Speaker
Description
Conventional photon and neutron bimodal imaging systems suffer from inherent limitations such as different imaging beam geometry, leading to challenges in direct fusion of transmission image and system complexity. While the single-source-single-detector configuration based on a compact electron linear accelerator proposed by Tsinghua University addresses imaging beam geometry issue, it remains susceptible to beam-hardening effects that correlate material properties with sample mass-thickness, thereby compromising material identification accuracy. To resolve this problem, this study introduces a quasi-monoenergetic bimodal imaging system utilizing a gamma converter and an event-based detector instead of frame-based detector. The gamma converter ensures monoenergetic photon generation, while Time-of-Flight (TOF) spectrum filtering via the event-based detector achieves quasi-monoenergetic neutron imaging.

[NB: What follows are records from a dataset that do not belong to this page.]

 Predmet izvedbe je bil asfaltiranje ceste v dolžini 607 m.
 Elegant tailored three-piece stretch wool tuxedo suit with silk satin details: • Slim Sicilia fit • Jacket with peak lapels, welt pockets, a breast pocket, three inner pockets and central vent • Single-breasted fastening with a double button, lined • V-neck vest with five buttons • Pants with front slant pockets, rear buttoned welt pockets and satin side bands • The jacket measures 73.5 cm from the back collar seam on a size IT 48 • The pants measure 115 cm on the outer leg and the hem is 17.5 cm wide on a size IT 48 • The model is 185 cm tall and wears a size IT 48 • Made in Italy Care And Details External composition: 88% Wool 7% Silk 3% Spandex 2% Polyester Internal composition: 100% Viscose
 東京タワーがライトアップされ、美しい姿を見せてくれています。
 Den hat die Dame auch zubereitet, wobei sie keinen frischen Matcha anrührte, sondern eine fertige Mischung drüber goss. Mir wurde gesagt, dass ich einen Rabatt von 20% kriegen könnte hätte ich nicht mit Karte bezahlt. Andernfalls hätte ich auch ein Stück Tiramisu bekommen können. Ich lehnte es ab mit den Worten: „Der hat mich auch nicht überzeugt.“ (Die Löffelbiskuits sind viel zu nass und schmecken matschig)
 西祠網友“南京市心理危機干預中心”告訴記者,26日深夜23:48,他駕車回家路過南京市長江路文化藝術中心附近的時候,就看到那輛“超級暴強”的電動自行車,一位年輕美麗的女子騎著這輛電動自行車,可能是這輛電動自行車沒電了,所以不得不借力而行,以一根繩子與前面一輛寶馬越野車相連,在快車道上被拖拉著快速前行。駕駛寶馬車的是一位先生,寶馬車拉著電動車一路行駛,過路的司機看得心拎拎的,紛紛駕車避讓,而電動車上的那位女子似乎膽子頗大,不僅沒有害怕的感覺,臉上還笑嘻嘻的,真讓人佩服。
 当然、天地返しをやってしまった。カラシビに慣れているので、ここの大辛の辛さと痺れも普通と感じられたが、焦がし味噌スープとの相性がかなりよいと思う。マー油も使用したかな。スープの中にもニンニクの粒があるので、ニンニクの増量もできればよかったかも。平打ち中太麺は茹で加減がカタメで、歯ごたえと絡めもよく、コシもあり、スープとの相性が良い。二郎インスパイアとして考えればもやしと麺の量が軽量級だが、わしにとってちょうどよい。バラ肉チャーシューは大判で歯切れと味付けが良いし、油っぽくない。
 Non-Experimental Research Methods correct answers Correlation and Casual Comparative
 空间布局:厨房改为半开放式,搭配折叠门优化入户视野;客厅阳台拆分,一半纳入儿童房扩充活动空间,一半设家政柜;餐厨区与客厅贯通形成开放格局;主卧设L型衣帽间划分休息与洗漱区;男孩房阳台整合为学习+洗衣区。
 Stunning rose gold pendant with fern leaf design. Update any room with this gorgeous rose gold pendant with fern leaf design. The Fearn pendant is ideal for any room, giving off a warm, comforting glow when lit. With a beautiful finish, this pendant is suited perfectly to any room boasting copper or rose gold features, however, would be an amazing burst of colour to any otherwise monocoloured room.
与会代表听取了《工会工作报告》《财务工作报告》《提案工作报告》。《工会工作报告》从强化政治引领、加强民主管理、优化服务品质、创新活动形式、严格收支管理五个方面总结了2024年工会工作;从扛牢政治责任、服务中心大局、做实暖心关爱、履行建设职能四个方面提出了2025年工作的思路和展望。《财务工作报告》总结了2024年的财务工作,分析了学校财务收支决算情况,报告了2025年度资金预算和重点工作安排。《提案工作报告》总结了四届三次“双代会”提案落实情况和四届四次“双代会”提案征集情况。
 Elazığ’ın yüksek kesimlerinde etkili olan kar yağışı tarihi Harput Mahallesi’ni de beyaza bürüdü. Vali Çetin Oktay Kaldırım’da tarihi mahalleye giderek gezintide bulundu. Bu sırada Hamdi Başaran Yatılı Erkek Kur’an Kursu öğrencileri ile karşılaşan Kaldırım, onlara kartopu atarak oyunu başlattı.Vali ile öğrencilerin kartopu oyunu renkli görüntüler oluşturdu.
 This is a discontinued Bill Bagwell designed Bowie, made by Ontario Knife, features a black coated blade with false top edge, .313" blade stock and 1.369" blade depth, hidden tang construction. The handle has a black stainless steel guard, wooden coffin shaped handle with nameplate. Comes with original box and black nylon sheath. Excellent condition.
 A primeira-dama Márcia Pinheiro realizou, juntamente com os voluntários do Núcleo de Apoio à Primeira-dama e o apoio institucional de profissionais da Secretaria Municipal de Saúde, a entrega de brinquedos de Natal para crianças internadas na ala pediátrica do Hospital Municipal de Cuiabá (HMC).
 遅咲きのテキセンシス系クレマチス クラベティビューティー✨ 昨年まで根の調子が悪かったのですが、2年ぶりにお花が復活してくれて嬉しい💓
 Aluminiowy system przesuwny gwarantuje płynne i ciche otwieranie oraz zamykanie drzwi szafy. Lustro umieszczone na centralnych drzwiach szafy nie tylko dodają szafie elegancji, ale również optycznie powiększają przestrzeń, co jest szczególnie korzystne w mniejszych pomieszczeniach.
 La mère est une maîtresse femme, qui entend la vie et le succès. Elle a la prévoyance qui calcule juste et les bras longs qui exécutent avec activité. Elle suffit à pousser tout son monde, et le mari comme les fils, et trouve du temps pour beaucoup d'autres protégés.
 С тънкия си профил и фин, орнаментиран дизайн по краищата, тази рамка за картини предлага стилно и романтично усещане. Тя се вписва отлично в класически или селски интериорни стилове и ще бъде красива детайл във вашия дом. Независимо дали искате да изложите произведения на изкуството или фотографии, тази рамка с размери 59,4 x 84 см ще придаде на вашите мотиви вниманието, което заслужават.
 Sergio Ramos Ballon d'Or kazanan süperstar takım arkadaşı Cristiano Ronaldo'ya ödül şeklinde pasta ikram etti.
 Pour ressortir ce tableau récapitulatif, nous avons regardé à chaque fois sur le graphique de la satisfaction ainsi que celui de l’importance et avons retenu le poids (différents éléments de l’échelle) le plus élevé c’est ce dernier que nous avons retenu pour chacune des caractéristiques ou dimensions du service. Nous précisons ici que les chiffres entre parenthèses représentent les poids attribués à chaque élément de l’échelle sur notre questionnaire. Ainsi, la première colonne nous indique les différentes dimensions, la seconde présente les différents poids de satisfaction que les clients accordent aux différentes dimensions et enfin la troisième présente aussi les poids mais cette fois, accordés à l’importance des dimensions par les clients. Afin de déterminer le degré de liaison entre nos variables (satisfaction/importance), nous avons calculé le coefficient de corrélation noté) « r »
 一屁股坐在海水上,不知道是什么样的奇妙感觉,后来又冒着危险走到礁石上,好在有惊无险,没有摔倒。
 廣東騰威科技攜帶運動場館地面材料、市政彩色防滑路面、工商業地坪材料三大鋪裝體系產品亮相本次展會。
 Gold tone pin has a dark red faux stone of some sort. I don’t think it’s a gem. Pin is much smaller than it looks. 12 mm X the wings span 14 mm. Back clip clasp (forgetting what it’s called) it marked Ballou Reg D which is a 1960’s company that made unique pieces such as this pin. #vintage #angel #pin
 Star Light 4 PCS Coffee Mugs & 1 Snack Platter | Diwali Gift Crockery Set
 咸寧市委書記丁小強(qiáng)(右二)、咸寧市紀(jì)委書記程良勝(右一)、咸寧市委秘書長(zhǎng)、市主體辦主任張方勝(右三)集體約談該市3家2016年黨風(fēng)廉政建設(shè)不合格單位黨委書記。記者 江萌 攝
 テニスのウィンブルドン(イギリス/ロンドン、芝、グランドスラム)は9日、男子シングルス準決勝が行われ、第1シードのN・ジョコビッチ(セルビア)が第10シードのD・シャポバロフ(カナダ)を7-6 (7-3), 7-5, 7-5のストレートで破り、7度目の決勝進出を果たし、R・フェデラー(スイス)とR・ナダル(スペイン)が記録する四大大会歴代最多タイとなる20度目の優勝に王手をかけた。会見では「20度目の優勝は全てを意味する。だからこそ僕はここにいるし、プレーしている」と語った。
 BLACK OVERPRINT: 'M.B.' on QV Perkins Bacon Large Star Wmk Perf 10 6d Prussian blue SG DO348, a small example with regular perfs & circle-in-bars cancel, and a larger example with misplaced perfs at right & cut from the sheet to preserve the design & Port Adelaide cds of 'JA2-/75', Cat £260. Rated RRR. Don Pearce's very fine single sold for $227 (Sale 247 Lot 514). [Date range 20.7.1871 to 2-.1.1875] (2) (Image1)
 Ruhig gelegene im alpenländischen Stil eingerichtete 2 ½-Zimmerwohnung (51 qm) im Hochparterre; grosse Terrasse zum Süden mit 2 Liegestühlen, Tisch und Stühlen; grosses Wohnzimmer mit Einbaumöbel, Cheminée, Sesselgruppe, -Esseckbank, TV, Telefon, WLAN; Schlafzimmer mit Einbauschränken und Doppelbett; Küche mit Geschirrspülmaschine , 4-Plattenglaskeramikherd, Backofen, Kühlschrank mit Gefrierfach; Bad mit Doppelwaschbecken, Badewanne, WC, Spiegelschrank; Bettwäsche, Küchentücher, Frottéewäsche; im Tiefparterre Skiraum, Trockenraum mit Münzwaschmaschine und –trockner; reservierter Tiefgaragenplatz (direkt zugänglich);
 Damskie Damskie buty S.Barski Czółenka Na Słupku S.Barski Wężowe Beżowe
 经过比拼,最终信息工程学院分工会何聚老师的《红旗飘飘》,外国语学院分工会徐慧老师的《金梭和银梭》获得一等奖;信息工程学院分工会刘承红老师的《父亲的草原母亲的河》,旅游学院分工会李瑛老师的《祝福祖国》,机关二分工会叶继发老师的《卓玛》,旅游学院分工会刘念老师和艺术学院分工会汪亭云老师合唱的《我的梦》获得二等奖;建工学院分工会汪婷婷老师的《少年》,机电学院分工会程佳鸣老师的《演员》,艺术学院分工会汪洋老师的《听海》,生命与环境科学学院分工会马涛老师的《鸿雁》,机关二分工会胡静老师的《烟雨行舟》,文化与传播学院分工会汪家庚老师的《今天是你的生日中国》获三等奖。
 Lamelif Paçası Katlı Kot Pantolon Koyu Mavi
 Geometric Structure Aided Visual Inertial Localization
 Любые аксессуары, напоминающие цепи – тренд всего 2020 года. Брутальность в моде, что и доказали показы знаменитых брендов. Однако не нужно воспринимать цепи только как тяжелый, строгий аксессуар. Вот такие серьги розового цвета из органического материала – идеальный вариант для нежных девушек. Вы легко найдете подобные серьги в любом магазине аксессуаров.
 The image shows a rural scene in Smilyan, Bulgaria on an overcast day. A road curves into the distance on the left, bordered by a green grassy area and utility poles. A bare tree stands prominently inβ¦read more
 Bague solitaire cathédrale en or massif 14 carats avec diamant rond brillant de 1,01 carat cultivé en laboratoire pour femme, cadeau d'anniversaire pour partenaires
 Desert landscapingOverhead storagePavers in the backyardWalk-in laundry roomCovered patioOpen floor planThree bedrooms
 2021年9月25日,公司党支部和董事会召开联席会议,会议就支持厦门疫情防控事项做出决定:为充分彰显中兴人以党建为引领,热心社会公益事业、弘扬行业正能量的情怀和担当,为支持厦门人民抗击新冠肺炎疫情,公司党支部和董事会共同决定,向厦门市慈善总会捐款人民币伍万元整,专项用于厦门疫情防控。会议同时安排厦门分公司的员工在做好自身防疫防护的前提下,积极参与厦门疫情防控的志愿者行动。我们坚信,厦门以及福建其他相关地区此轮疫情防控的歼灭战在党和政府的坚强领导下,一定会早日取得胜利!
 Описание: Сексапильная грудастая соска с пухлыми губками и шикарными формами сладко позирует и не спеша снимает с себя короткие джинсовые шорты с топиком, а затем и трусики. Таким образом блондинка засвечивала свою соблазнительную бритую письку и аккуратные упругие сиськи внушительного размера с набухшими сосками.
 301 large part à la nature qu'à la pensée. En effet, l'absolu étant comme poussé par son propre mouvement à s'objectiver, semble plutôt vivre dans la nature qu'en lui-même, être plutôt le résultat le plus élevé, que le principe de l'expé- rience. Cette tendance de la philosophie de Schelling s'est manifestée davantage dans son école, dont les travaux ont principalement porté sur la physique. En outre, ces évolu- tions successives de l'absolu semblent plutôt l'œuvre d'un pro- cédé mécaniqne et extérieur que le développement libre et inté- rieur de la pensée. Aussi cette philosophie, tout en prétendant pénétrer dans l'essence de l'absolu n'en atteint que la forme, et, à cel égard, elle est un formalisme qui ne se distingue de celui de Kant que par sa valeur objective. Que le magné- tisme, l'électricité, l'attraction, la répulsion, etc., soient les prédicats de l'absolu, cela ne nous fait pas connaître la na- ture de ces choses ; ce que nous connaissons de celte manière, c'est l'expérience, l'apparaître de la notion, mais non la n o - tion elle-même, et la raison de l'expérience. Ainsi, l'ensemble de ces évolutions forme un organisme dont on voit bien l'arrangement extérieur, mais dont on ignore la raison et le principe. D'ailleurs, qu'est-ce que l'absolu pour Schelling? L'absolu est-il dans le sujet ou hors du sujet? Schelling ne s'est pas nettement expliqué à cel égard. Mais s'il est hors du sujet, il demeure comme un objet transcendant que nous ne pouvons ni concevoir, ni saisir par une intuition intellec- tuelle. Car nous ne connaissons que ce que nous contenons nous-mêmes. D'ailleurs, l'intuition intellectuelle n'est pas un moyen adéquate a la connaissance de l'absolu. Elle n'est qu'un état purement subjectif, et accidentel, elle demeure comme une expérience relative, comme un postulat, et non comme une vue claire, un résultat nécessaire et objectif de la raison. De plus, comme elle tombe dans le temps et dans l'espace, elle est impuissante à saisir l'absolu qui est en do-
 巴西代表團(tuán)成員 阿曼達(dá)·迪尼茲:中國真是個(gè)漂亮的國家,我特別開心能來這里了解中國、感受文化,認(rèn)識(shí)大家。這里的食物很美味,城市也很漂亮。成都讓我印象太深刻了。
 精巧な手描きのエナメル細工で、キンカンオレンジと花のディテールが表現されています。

This paper elaborates on three critical aspects of the system design: energy-sensitive target station optimization, event-based imaging detector configuration, and energy-resolved bimodal reconstruction methods. Experimental results on pure elemental material demonstrate that the proposed system effectively corrects beam-hardening effects, significantly enhancing the reliability of material identification. The performance highlights the system’s potential to establish a robust framework for optimizing the accuracy of bimodal material discrimination.